Step 7: Set Up Environment Variables (.env)

Create the .env file in the project root with initial configuration:

dotenv
# .env

# Server Configuration
NODE_ENV=development
PORT=3000
BASE_URL=http://localhost:3000
LOG_LEVEL=debug # Use 'info' or 'warn' in production

# Database Configuration
DB_HOST=localhost
DB_PORT=5432
DB_USER=postgres
DB_PASSWORD=your_postgres_password
DB_NAME=sinch_otp_db
DB_DIALECT=postgres

# Security
PASSWORD_SALT_ROUNDS=10 # bcrypt salt rounds (10 = ~100ms per hash)
# JWT_SECRET=your_super_secret_jwt_key_here # Add when implementing JWT

# Rate Limiting (100 requests per 15 minutes per IP)
RATE_LIMIT_WINDOW_MS=900000 # 15 * 60 * 1000
RATE_LIMIT_MAX_REQUESTS=100

# Sinch API Credentials (Add after creating Sinch account)
# SINCH_APP_KEY=your_sinch_application_key
# SINCH_APP_SECRET=your_sinch_application_secret
# SINCH_VERIFICATION_METHOD=sms # or 'callout' for voice

Important: Replace your_postgres_password with your actual PostgreSQL password. You must manually create the database sinch_otp_db before running migrations (see Prerequisites section).

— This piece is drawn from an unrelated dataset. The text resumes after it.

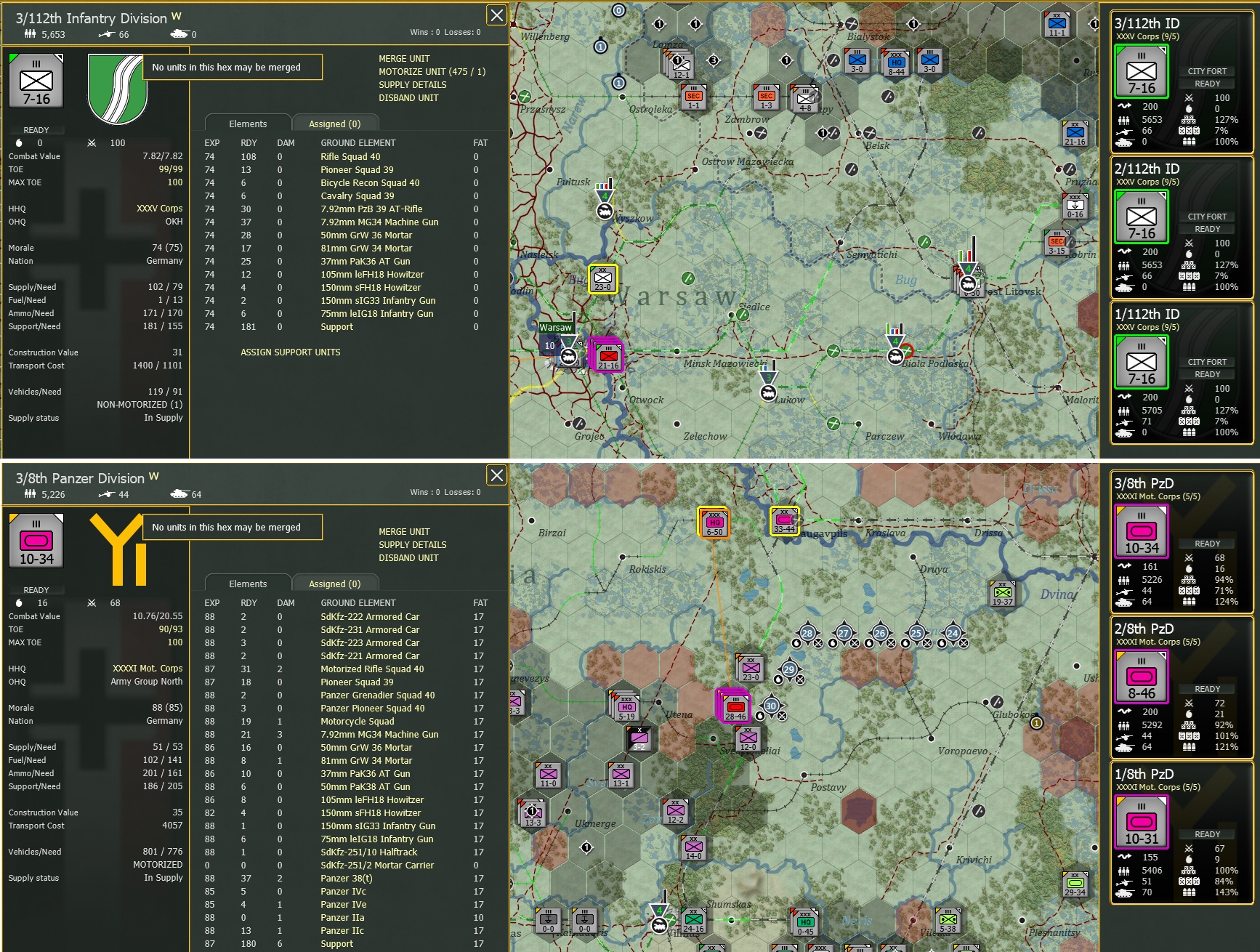 In 700 hours of play, I still haven't figured out how to merge units. I've tried many times, but always get notification: no unit in this hex may be merged always appears. In the test below, I tried to split and immediately merge the infantry division, which did not move and stands far from the enemy - failed. Then I tried to merge tank regiments from same division - it didn't work.

bcrypt Salt Rounds Explained: The PASSWORD_SALT_ROUNDS value determines computational cost. Each increment doubles the time:

  • 10 rounds = ~100ms per hash (recommended minimum)
  • 12 rounds = ~400ms per hash (recommended for high-security applications)
  • 14 rounds = ~1.6s per hash (may impact user experience)

Balance security with performance based on your server capacity.

Step 8: Configure Logger (src/utils/logger.js)

Set up Pino logger:

javascript
// src/utils/logger.js
const pino = require('pino');

const logger = pino({
  level: process.env.LOG_LEVEL || (process.env.NODE_ENV === 'production' ? 'info' : 'debug'),
  // Use default JSON output in production, pretty print in development via package.json script
});

module.exports = logger;

Step 9: Basic Server Setup (src/index.js)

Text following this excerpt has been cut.